Only one stretch of the data is wanted: the line containing "387030208 Resistenza elettrica", the line containing "La Diputación de", and every line between them, copied exactly.

**PROVIDED RECORDS:**
┏━━
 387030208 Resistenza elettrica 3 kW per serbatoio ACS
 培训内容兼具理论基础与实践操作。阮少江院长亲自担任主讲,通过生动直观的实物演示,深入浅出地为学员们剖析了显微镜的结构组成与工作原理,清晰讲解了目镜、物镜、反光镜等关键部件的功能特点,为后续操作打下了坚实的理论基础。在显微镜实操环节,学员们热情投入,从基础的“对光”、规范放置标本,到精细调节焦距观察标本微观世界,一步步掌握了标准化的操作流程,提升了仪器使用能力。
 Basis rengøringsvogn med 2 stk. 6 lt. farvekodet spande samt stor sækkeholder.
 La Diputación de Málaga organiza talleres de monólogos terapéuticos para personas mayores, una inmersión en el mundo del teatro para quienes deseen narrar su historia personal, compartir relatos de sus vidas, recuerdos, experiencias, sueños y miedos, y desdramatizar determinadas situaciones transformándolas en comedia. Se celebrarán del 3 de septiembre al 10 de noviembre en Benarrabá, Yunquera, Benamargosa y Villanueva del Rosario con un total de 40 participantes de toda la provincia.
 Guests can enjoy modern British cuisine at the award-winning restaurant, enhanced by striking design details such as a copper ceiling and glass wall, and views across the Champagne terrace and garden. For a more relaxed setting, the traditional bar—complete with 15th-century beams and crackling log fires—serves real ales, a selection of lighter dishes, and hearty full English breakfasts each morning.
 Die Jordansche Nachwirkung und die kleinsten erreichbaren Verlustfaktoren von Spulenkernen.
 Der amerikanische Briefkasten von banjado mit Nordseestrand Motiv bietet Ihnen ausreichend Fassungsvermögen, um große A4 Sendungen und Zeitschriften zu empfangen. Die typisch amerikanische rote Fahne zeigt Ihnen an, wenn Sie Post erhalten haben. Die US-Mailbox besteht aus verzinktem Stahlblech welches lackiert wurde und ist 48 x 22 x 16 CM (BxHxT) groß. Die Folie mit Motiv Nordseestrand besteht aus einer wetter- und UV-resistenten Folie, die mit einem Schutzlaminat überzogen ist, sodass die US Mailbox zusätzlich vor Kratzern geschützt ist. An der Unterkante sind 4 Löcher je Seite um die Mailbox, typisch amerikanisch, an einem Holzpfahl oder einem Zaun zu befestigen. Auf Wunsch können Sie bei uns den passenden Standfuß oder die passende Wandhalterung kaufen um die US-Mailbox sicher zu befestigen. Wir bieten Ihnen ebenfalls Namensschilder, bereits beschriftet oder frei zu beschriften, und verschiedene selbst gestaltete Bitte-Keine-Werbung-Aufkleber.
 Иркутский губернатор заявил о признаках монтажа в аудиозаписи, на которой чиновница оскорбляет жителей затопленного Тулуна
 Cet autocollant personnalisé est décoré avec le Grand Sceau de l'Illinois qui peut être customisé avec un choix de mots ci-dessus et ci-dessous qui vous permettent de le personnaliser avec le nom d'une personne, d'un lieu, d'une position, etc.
┗━━
┏━━
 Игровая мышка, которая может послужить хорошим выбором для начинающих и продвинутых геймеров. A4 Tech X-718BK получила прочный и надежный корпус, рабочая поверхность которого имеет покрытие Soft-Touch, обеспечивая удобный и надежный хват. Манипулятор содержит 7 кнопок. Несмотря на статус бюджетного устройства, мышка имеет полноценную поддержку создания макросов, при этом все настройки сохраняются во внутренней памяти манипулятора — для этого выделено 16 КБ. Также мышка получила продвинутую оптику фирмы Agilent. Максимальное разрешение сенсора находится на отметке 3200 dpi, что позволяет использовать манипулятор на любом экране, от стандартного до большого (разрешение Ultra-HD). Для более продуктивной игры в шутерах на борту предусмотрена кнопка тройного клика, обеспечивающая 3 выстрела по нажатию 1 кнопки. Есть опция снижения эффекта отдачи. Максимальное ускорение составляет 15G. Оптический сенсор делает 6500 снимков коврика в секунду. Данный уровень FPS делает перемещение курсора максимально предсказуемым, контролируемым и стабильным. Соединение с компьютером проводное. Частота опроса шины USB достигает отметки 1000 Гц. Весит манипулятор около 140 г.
┗━━
┏━━
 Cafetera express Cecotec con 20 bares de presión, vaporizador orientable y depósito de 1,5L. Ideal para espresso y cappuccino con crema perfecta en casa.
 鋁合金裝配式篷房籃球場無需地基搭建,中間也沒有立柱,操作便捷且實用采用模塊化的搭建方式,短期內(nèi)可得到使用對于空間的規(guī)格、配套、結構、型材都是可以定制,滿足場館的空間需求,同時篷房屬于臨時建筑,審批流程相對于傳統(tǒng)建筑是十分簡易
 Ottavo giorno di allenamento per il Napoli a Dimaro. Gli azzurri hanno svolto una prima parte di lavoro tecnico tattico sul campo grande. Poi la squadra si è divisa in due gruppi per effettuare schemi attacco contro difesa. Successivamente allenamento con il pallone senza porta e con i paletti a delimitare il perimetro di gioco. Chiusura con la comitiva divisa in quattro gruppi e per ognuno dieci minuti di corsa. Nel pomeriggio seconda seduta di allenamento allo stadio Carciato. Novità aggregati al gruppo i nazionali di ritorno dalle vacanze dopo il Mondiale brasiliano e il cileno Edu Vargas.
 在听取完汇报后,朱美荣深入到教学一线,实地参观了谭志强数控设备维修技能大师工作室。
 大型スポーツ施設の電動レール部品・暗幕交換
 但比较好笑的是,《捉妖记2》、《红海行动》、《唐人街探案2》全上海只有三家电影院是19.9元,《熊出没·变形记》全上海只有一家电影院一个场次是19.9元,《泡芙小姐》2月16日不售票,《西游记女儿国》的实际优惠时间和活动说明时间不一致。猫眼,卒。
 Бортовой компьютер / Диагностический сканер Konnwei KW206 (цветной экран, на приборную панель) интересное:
┗━━
**EXPECTED ANSWER:**
 387030208 Resistenza elettrica 3 kW per serbatoio ACS
 培训内容兼具理论基础与实践操作。阮少江院长亲自担任主讲,通过生动直观的实物演示,深入浅出地为学员们剖析了显微镜的结构组成与工作原理,清晰讲解了目镜、物镜、反光镜等关键部件的功能特点,为后续操作打下了坚实的理论基础。在显微镜实操环节,学员们热情投入,从基础的“对光”、规范放置标本,到精细调节焦距观察标本微观世界,一步步掌握了标准化的操作流程,提升了仪器使用能力。
 Basis rengøringsvogn med 2 stk. 6 lt. farvekodet spande samt stor sækkeholder.
 La Diputación de Málaga organiza talleres de monólogos terapéuticos para personas mayores, una inmersión en el mundo del teatro para quienes deseen narrar su historia personal, compartir relatos de sus vidas, recuerdos, experiencias, sueños y miedos, y desdramatizar determinadas situaciones transformándolas en comedia. Se celebrarán del 3 de septiembre al 10 de noviembre en Benarrabá, Yunquera, Benamargosa y Villanueva del Rosario con un total de 40 participantes de toda la provincia.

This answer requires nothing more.